Engineers will remotely perform various statistical analyses using wind patterns from a device installed at the site to know whether a site is suitable for installation of wind turbines or not. At present, engineers physically select the sites, said Morten Rasmussen, Vice-President, People & Culture ASP, Vestas.

“We are creating a global wind and siting (location) team out of Chennai. This is going to be a core team to monitor wind speed to create most optimal product and solution to develop a power plant at a particular site. Engineers will monitor the site and study various data. This is to be a done on a global level from here,” he told BusinessLine . The team should be in place by year-end.

Wind, site evaluation

Before installing a turbine, a met mast is installed to collect wind data and analysis is done for a long period of time to see how the wind is moving. This analysis will be critical to decide the location. Along with engineers, a number of data analysts will be involved in the new design centre in Chennai, he said.

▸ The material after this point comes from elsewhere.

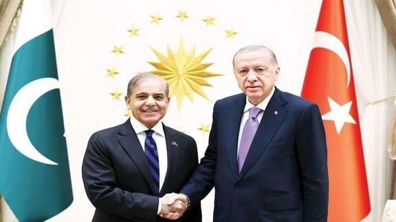 Başkan Erdoğan, Türkiye'ye resmi ziyarette bulunan Pakistan Başbakanı Şahbaz Şerif'i kabul etti. Erdoğan ve Şerif daha sonra ortak basın toplantısı düzenledi. Başkan Erdoğan, "Hemen her konuda uyum içinde hareket ettiğimizi görmekten memnuniyet duyuyoruz. Pakistan'ın Filistin konusundaki kararlı duruşunu tebrik etmek istiyorum" dedi. Şahbaz Şerif de, Başkan Erdoğan'a teşekkür ederek "Büyük bir lider sadece cesur olmakla kalmaz ama aynı zamanda halkların kalbini kazanan kişidir. Çok sevgili kardeşim, Sayın Erdoğan, siz bu büyüklüğü temsil ediyorsunuz. Türk halkını bir araya getirmekteki rolünüz ve muhteşem bir geleceğe taşıma rolünüz gerçekten çok büyük bir mücadelenin hikayesidir" ifadelerini kullandı.Başkan Erdoğan ve Şahbaz Şerif kapsamlı görüşmenin ardından ortak basın toplantısı düzenledi.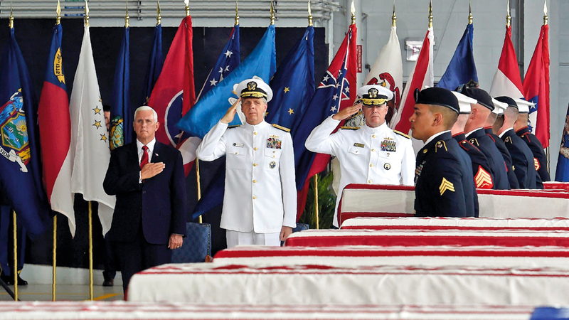 وأشاد ترامب أيضاً على «تويتر»، في وقت سابق، «بالمراسم بالغة الجمال» التي أجريت في هاواي لاستقبال الرفات، وشارك فيها نائبه مايك بنس.

Wind and site evaluation is a critical step in wind power plant sales process. As a wind and site engineer, the person will play a key role in identifying and quantifying technical risks of wind power projects, and generating and capturing value through innovative customised technical solutions. The engineer will focus on value adding high quality statistical analysis and project layout design, load assessments, and associated customer support, he said.

For Vestas, nearly 10 per cent of its 23,000 strong global workforce is in India.

Chennai is critical for Vestas due to presence of the company’s largest R&D facility outside its headquarters in Denmark, and one at Portugal. Chennai also has the company’s ‘nacelle’ — that houses all of the generating components in a wind turbine, including the generator, gearbox, drive train, and brake assembly — manufacturing unit, an R&D test centre, global operations and shared services and a large training centre with digital simulators to train technicians, he said.

Vestas, which is present in India since 1997, has two entities — Vestas Wind and Vistas Technology. It has over 400 customers in India and has an installed base of 2204 MW.

Vestas has a manufacturing facility for wind turbine ‘hub’ at Oragadam; for blades in Ahmedabad and a repair centre in Coimbatore, he said.

In the next 24 months, “We plan to add 50 per cent more employees to reach a total employee strength of nearly 3,500. We aim to be a true talent magnet to deliver new and future elements in wind energy and in alternative energy markets. We are looking at combining hybrids [wind, solar and storage]. To do this, we are looking at adding the right level of talentin India,” he said.